There was also escalating violence on the streets with 467 deaths that year.
In a bid to keep a brief IRA ceasefire going, he tried a controversial initiative in early July 1972.
He met IRA leaders secretly in London but the provisional's terms were too sweeping to be acceptable to the British Government and the initiative failed.
Despite the continuance of violence, both from the IRA and loyalist groups, he tried to move the emphasis to political progress.
By the end of the year, he had produced a discussion paper which pointed to the need to recognise both the British and Irish dimension in the NI situation.
In March 1973, this was translated into a White Paper which set out the government's plans for a new style devolved government.
It proposed a 78 member assembly neglected by proportional representation and power sharing between the parties.

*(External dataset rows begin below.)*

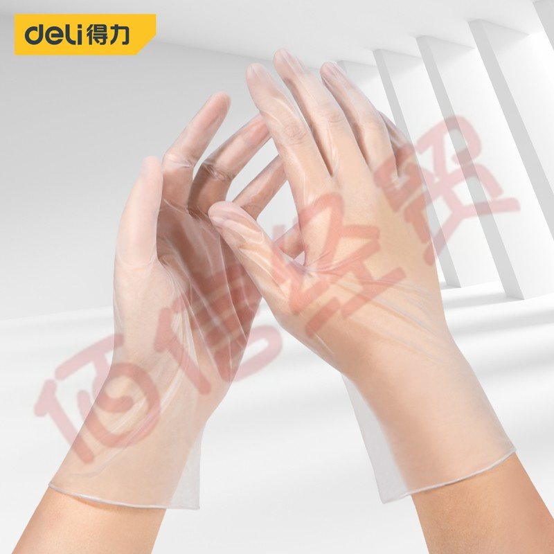 ■得力(deli)DL521050L 一次性透明PVC手套食品級(jí)透明勞保餐飲清潔【L碼】50只/盒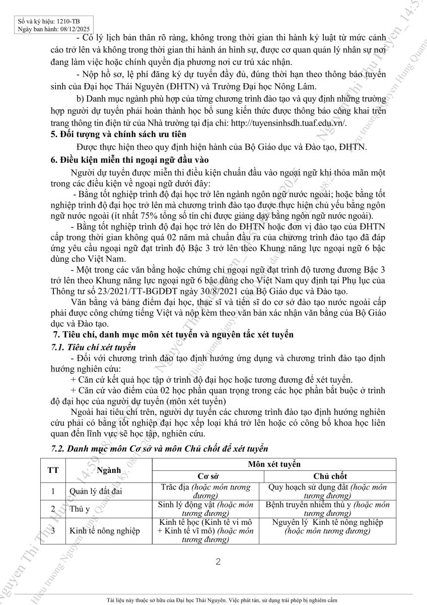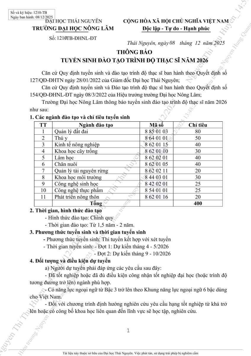 → Thông tin tuyển sinh đại học chính quy năm 2026 - trường đại học Nông Lâm Thái Nguyên (03/2026)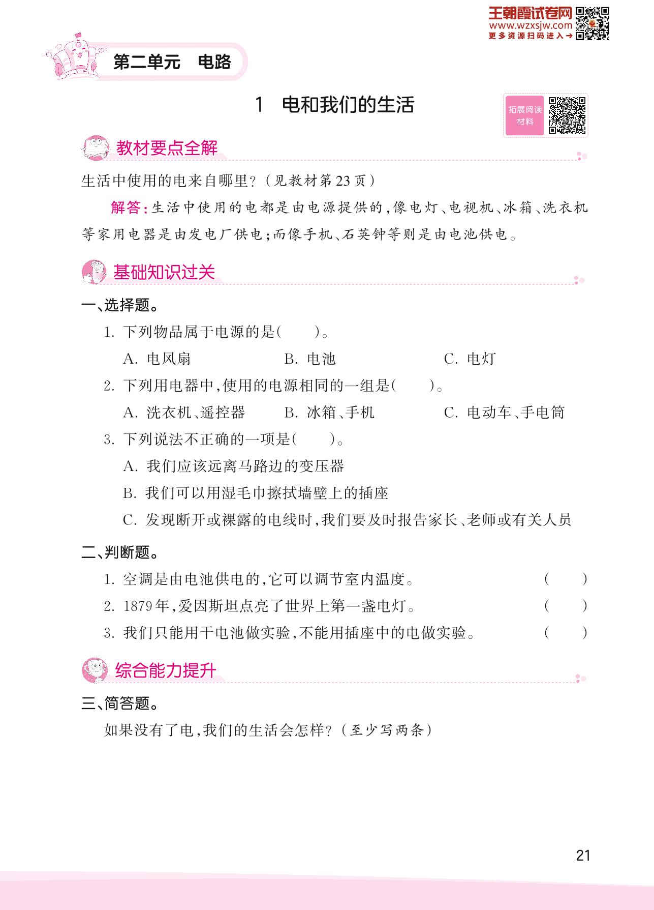 2023下册四年级科学教科版 第二单元 电路——1 电和我们的生活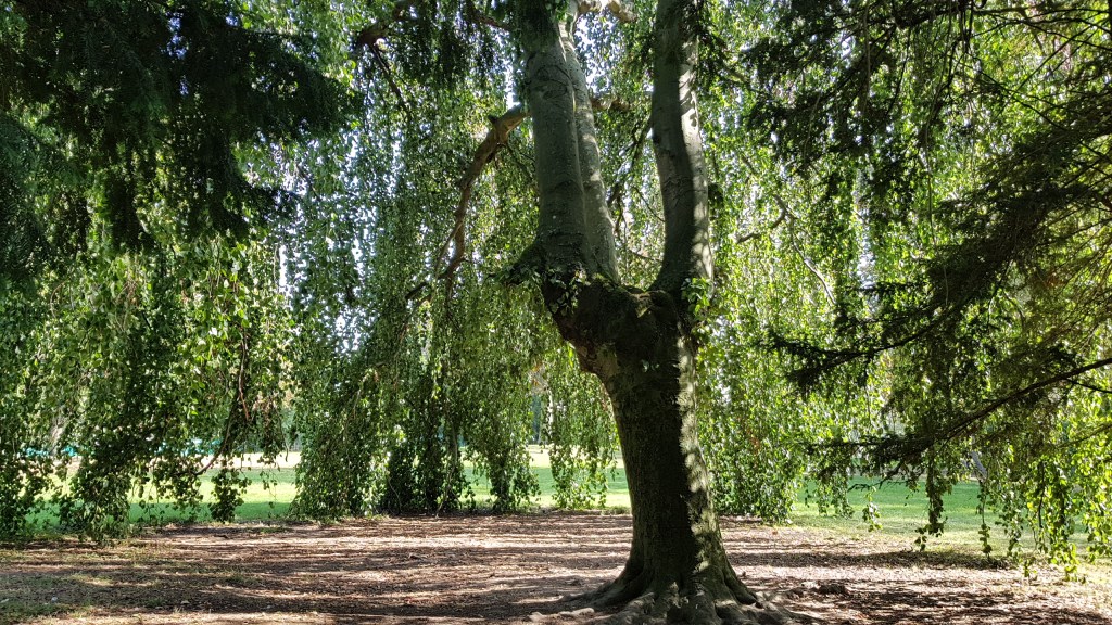 Ich bekam zunehmend eine klare Vorstellung davon, wie ich meinen Begegnungsraum in der Natur erschaffen kann. Und so entstand nach Jahren meiner eigenen Reise der Entdeckung und Erfahrung im Juni 2018, im Rahmen des bundesweiten Aktionstages „Tag des guten Lebens für Alle“, der Tanz der Lebendigkeit. Hierfür wählte ich einen wunderschönen kleinen Park in Kassel – den Aschrottpark – direkt vor meiner damaligen Haustür. Der zauberhafte weidenähnliche Baum dort, welcher oben auf dem Foto zu sehen ist, schenkt uns einen tollen geschützten Raum.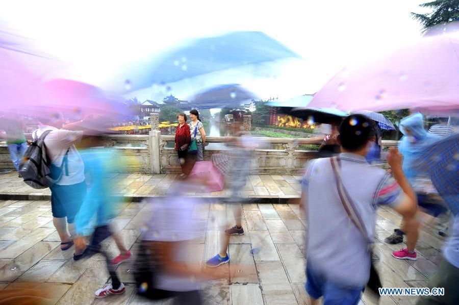 Tourists walk on the bridge of Qinhuai River in Nanjing, capital of east China's Jiangsu Province, on Aug. 13, 2014. The 2nd Summer Youth Olympic Games will be held in Nanjing from August 16 to 28. (Xinhua/Yue Yuewei)

Challenging time at Stormont
After protracted negotiations, he persuaded the nationalist SDL, unionists and Alliance Party to form the executive. This eventually led to the Sunningdale Agreement.
By the time the new executive was in place he was back in London where he went on to be deputy prime minister.
On his retirement from politics he said his time at Stormont had been the most challenging of his career.
He said the collapse of power sharing in 1974 had been "one of the greatest sadnesses of my life".